Rising Risks Haunt Financial Markets
posted by Karim Pakravan on May 23, 2018 - 2:32pm
In the past few weeks, prospects for a successful summit meeting between the President Trump and North Korea’s Kim Jong Un, and the opening of trade negotiations between the U.S. and China had provided some relief to global financial markets. However, the brief respite enjoyed by global financial markets in the past few weeks seems to be over as over as the global risk picture darkens. The major equity indices have been wobbly over the past few weeks and suffered declines since the beginning of this week. The catalog of risks, both geopolitical and financial, has lengthened, as existing issues worsen and new sources of concern arise. Left unresolved, financial markets turmoil could lead to negative concerns for the global economy.
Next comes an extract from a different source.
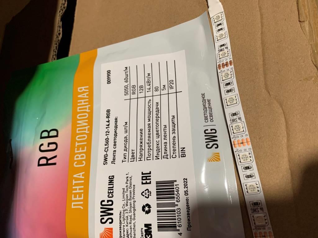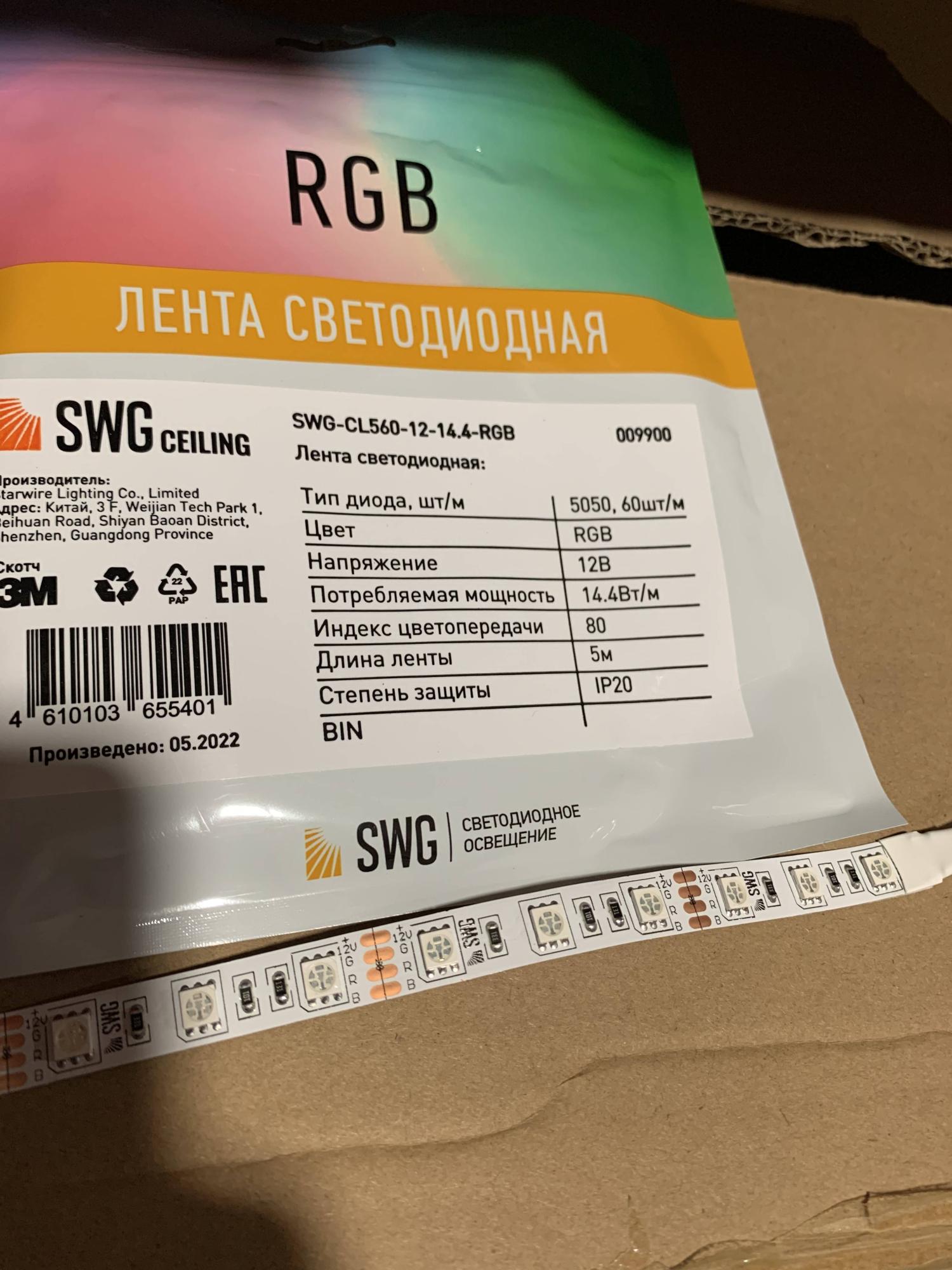 Лента SWG ceiling 14,4Вт/м SMD5050, IP20, Цвет RGB 12В, 3M

First and foremost, we are seeing a worsening of the geopolitical risks, in large part the result of chaotic and contradictory U.S. policies. A review of these risks follows:
Iran Nuclear deal: The U.S. withdrew from multilateral Iran nuclear deal (aka JCPOA), against the recommendations of his main European allies, as well as the quasi-unanimity of the national security/diplomatic establishment. Iran policy is now driven by Secretary of State Pompeo and National Security Adviser Bolton), as well as hardline allies in the Middle East (Israel and Saudi Arabia). The situation has been complicated further by Pompeo’s recent speech outlining a 12-point list of demands on Iran, accompanied by the threat of unprecedented sanctions in the case of non-compliance by Iran. Of course, Iran is unlikely to comply with the list’s unrealistic demands—ranging from a complete halt to uranium enrichment to exiting from Lebanon and Syria. Furthermore, the United States is increasingly isolated on the issue. The Europeans, China and Russia have stated that they remain in the agreement, ignore U.S. sanctions and work on salvaging the deal and countering the U.S sanctions. So far, Iran has stated that it will continue to comply with the JCPOA, but that commitment could change and the tensions could escalate into an open conflict, with unpredictable consequences. So far, the main impact has been on oil prices, with Brent touching a 30-month high of $80/barrel—up by 20% since the beginning of the year and 8% in the first three weeks of May. A worsening of tensions could lead to a further surge in prices, threatening the global economic recovery
Fig.1: Oil Prices
North Korea: After a brief “honeymoon”, North Korea returned to a tougher stance in the denuclearization negotiations. At the same time, President Trump and his advisors had responded with contradictory statements, which changed on almost a daily basis, President Trump, who wants to cement his place in history —the White House had already ordered a commemorative coin-- seemed to wavering between postponing the summit and be willing to make major concessions. Ultimately, the planned June 12 Trump-Kim summit was cancelled. However, we will not return to the status quo ante. First of all, the China-U.S.-Japan-South Korea united front would be seriously weakened. Furthermore, the failure to ease tensions on the Korean Peninsula and halt North Korea’s nuclear program could lead to renewed threats on both sides. This outcome would embolden the hawks in the Trump administration and lead in the worst case to military action.
Fig.2: Italian Spreads
Italy: The likelihood of a populist and Eurosceptic (Five-Star/League) coalition government in Italy has rattled European financial markets. While the coalition has backed off from its threat to hold a referendum on Eurozone membership, its economic program is focused on reversing many of the previous governments’ economic reforms, which would worsen Italy’s massive debt problem—Italian sovereign debt totals €2.3 trillion (about 120% of GDP), a third of which is held by foreigners. As a result, Italian sovereign debt spreads over German yields has jumped to about 200 bp, the highest level in a year.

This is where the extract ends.